WHAT YOU ARE ASKED TO DO
Every line of the data below should be retyped exactly, with no images carried over.

INFORMATION SHOWN
┄┄┄┄┄┄┄┄┄┄

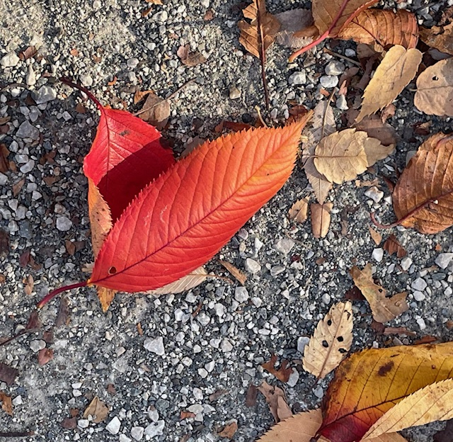 桜の葉も赤々と染まり、落ち葉を見ては「綺麗ねー、綺麗な赤色ねー」と、T様。
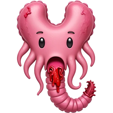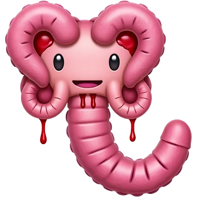 an emoji style image of the intestinal system (starting with the esophagus and ending with the rectum) like in an anatomy book but with bleeding from the rectum. emoji
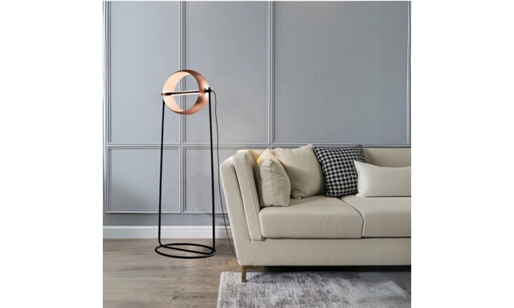 Illuminate your space with style! This floor lamp combines a stunning golden globe shade with a minimalist black metal pole for a chic, contemporary look.

┄┄┄┄┄┄┄┄┄┄

EXERCISE SOLUTION
 桜の葉も赤々と染まり、落ち葉を見ては「綺麗ねー、綺麗な赤色ねー」と、T様。
 an emoji style image of the intestinal system (starting with the esophagus and ending with the rectum) like in an anatomy book but with bleeding from the rectum. emoji
 Illuminate your space with style! This floor lamp combines a stunning golden globe shade with a minimalist black metal pole for a chic, contemporary look.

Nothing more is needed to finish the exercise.